Citizens welcome firefight U.S. INTERVENTION IN HAITI

September 26, 1994|By Bill Glauber | Bill Glauber,Sun Staff Correspondent

PORT-AU-PRINCE, Haiti -- The news traveled by radio and television and word of mouth.

The body count from the northern city of Cap-Haitien rose. The story of how the U.S. Marines killed 10 Haitians in a firefight became fully focused. And by sunset last night, tens of thousands of Haitian citizens circled the airport, chanting, cheering and waving.

They were overjoyed.

"The Haitian military that was killed deserved to die," said Jean Monsapa, 26. "They are criminals. They are murderers. They don't want democracy in Haiti. We are very happy over what happened. We feel we have been saved."

In a tumultuous demonstration that snaked around the airport for hours, Haitians honked horns, waved fists, sang songs and waved wildly at bewildered U.S. soldiers, kicking up dust and joy.

"I never thought I would see this," said DeSmite Pierre, a 74-year-old woman with thick glasses, four missing front teeth and a tattered dress. "All of our lives are insecure because of those military people. They asked for it. Whenever someone asks for it, they get it."

Meanwhile, inside the air-conditioned terminal, the soldiers from the U.S. Army's 10th Mountain Division tried to comprehend the demonstration and come to grips with the first casualties of Operation Uphold Democracy.
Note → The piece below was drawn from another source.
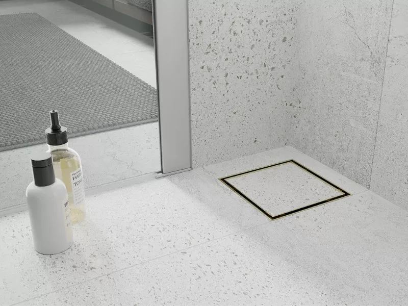 - csempézhető fényes arany zuhanyfolyóka rács

"I think it's great," said Staff Sgt. Matthew Rovnan, 26, of Philadelphia. "The Haitians tried to get stupid, and the Marines knocked them right back in their place."

Sergeant Rovnan was among those who said that, in retrospect, it might have been better for the United States to have invaded Haiti by force to quickly rid the country of the military and police. He recalled that in Somalia the Americans soon found themselves caught in the middle of warfare between rival clans.
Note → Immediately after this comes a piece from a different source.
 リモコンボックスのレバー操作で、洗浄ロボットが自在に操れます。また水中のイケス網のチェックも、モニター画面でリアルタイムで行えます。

"If we had come in here as an invading force, those police and military would have been the people opposing us," he said. "Coming in full-power, we wouldn't have had to risk them attacking us later on."

Second Lt. Mark Manns, 23, of Erie, Pa., said a full invasion would have helped Haiti in the long run.

"I would have preferred an invasion that would have dismantled the police and military force," he said. "That way, you could start everything from the ground up."

But Teddy Simmons, 38, of Key West, Fla., said the peaceful invasion was really the way to go, all along.

"You've got some gung-ho people out there," he said. "But no bloodshed is better for me. I don't want to see people die."

Cpl. Andrew Galloway, 25, of Greenville, Tenn., agreed. "An invasion would have cost too many innocent lives," he said. "It's better this way."

The soldiers were not surprised by the first wave of casualties.

"I'm not toughened to the point where I don't have compassion for people," Chief Warrant Officer Dan Delamarten, 36, of Spring Arbor, Mich., said. "But these things happen. I won't lose any sleep over it."

The chief warrant officer was also dismayed by the treatment given to Lt. Gen. Raoul Cedras, who arrived at the airfield in a chauffeur-driven limousine before he flew off to Cap-Haitien.

"Don't you think he's getting a good bargain?" Warrant Officer Delamarten asked. "I guess it's part of the game. The guy will probably write a book. Or maybe they'll make a movie about him. But I guess you've got to do those kinds of things to come to an agreement, to make it as peaceful as possible. But it's still a pretty hard pill to swallow."